Enhanced Media Delivery with Cloudinary

For Images

The following strategies come in handy for improving the delivery of images through Cloudinary:

  • Image Preloading
  • Dynamic/Lazy Loading
  • Progressive Loading

Image Preloading Using preloading, we are able to fetch images that the user would be needing next/soon just before they are needed, thus providing a smooth experience. This is very easily achieved in HTML, with the use of the prefetch directive on the link tag <a></a>. An example is shown below:

<link rel="prefetch" href="image.png">

The prefetch directive helps get the specified resource for use in the next navigation/routing. For images used at a latter point in the current navigation, you may use the preload directive as shown below:

<link rel="preload" as="image" href="https://res.cloudinary.com/demo/image/upload/w_auto,dpr_auto/pond_reflect.jpg" media="(max-width: 600px)">

This isn’t particularly a Cloudinary feature, but improves delivery remarkably when used in conjunction with Cloudinary.

Lazy Loading Lazy loading, also known as dynamic loading, is another efficient way to improve the delivery of images on the client.

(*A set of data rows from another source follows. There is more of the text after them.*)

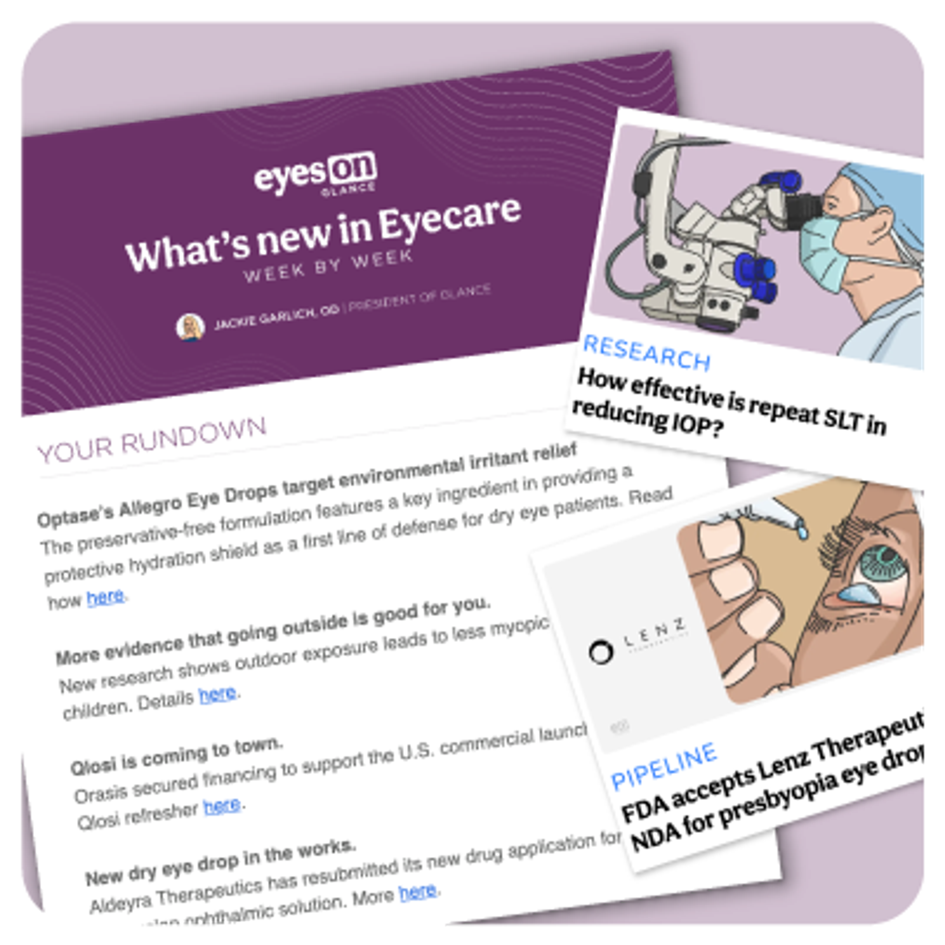 Glance by Eyes On Eyecare delivers concise updates on the latest in optometry and ophthalmology to your inbox. Curated by renowned dry eye specialist Jackie Garlich, OD, FAAO, our weekly digest keeps you informed on breakthrough therapeutics, clinical trials, and new protocols. Subscribe for a swift overview that keeps you ahead of trends while fitting into your busy schedule.
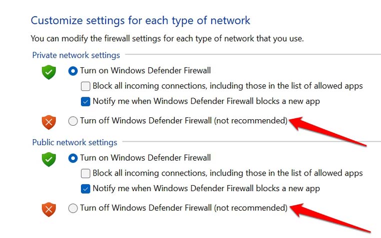 - 为专用网络设置和公共网络设置选择关闭 Windows Defender 防火墙选项。
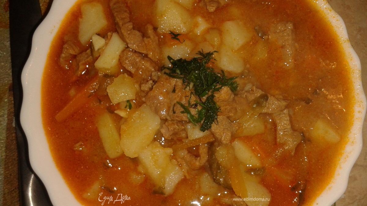 Тушить под крышкой до готовности мяса, затем добавить картофель, воды, соли, перца, лаврового листа и пропущенного через чесноковыжималку чеснока.

The idea is to load images required for visible sections of the page only. Thus, others are loaded dynamically as they are scrolled into view.

Why is this awesome?

This technique prevents the over-fetching of images, such that images that are not needed by the user do not get loaded as he may never interact with with those sections of the page.

How do we do this?

Implementing this technique requires a bit of JavaScript manipulation for monitoring the browser’s viewport and responding accordingly. A recommended tool for doing this excellently is lazysizes.

It is a high performance and SEO friendly lazy loader for images (responsive and normal), iframes and more, that detects any visibility changes triggered through user interaction, CSS or JavaScript without configuration.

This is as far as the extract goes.